**Data to process**

+++

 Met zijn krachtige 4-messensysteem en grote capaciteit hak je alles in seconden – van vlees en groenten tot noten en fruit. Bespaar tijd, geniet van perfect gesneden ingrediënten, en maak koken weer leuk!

+++

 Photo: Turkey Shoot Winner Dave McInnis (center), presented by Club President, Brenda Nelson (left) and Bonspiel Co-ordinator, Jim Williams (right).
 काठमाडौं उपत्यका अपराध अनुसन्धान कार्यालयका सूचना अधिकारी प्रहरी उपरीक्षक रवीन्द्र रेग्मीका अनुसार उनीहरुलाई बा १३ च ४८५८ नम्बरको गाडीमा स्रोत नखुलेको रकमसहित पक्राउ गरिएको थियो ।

+++

**Work instructions**
Look above for the line holding "Photo: Turkey Shoot". Print it and every line after it, exactly, through the line holding "काठमाडौं उपत्यका अपराध".

**Task output**
 Photo: Turkey Shoot Winner Dave McInnis (center), presented by Club President, Brenda Nelson (left) and Bonspiel Co-ordinator, Jim Williams (right).
 काठमाडौं उपत्यका अपराध अनुसन्धान कार्यालयका सूचना अधिकारी प्रहरी उपरीक्षक रवीन्द्र रेग्मीका अनुसार उनीहरुलाई बा १३ च ४८५८ नम्बरको गाडीमा स्रोत नखुलेको रकमसहित पक्राउ गरिएको थियो ।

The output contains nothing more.